Faith and Reason, Art and Science, Together at Last

A prevailing view among scientists and atheists is that everything is knowable. Humans are simply particles in motion, governed by biology and physics. Given the right tools and information, some people believe that human beings could know all the secrets of the universe, past and present. This mode of thought has led to a number of remarkable discoveries, but according to theoretical biologist Stuart Kauffman, writing for the scientific website the Edge, it is fundamentally “reductionist.”

Viewing the human experience as nothing more than biology and physics allows for only happenings. “There are no meanings, no values, no doings,” Kauffman writes. There is also no room for spirituality, or acceptance of forces beyond human comprehension. “Science has driven a wedge between faith and reason,” according to Kauffman, elevating science and devaluing faith as irrelevant.

The schism between science and religion has turned into a philosophical “cold war” according to philosopher Ken Wilber. In an interview with Salon.com, Wilber talks about how neither science nor religion are fundamentally wrong. They’re actually complimentary, if a person looks at them the right way. Wilber says some of the world’s greatest scientists, including Werner Heisenberg, Erwin Schrödinger, and Sir Arthur Eddington, were fundamentally mystics, because they understood the limits of physics and science.

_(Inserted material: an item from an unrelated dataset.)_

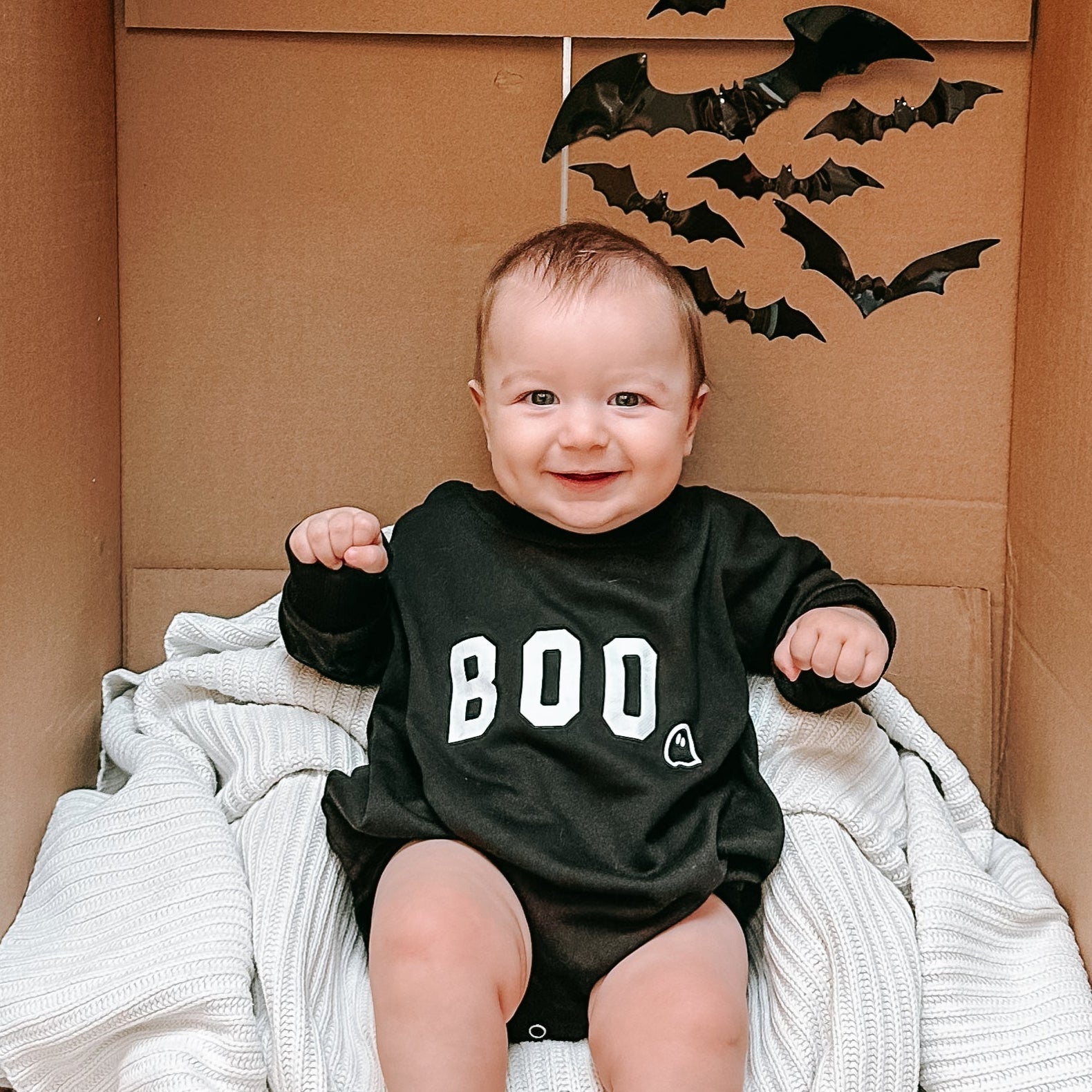 BOO Graphic Oversized Sweatshirt Romper - Embrace spooky vibes with this cozy and stylish oversized sweatshirt romper. Featuring a convenient snap closure at the crotch, it guarantees easy dressing and diaper changes. Made from a high-quality French terry material consisting of 83% cotton and 17% polyester, it offers comfort and versatility. The charming Halloween themed design is screenprinted, ensuring a durable and vibrant look without the risk of lifting or peeling. Get ready to welcome Halloween in comfort and style!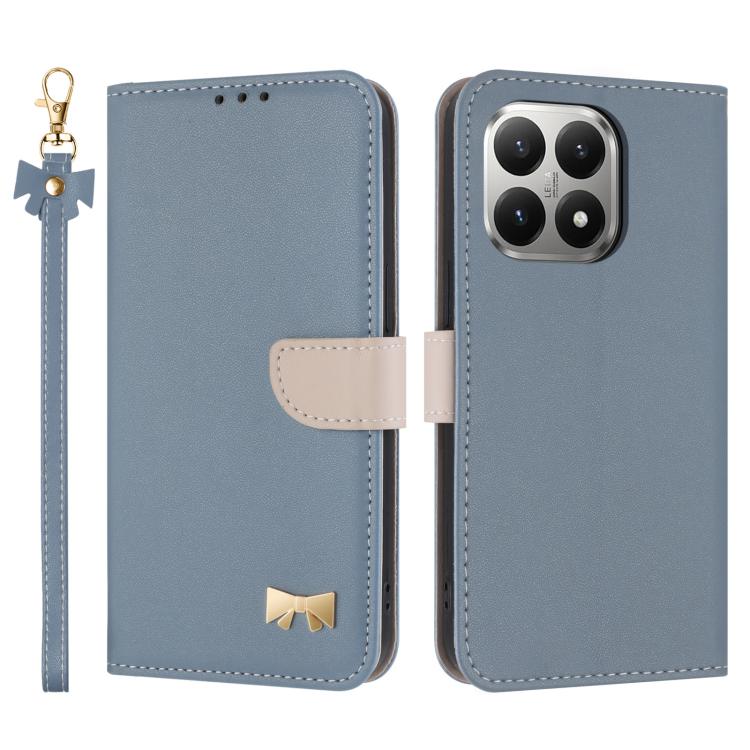 For Xiaomi 15T 5G Metal Bow Leather Phone Case with Hand Strap(Light Blue)

“Understanding the limits to human knowledge and intervention is going to be the question of the twenty-first century,” according to opera director Peter Sellars in an interview with the Bulletin of the Atomic Scientists (pdf). Science is able to push the boundaries of knowledge, but science alone has proven itself unable to understand the limits. That’s where not only faith, but art can play a useful role.

Uniting arts and sciences, faith and reason, could instill some reverence and responsibility into science. In the twentieth century, “science was made into a God, a substitute for religion,” Sellars said in the interview. Sellars’ new opera, Dr. Atomic, is about the atomic bomb, one of the most destructive creations of science. “And it’s bad enough for a religion to be a religion,” Sellars said, “but when science becomes a religion, it’s very dangerous.”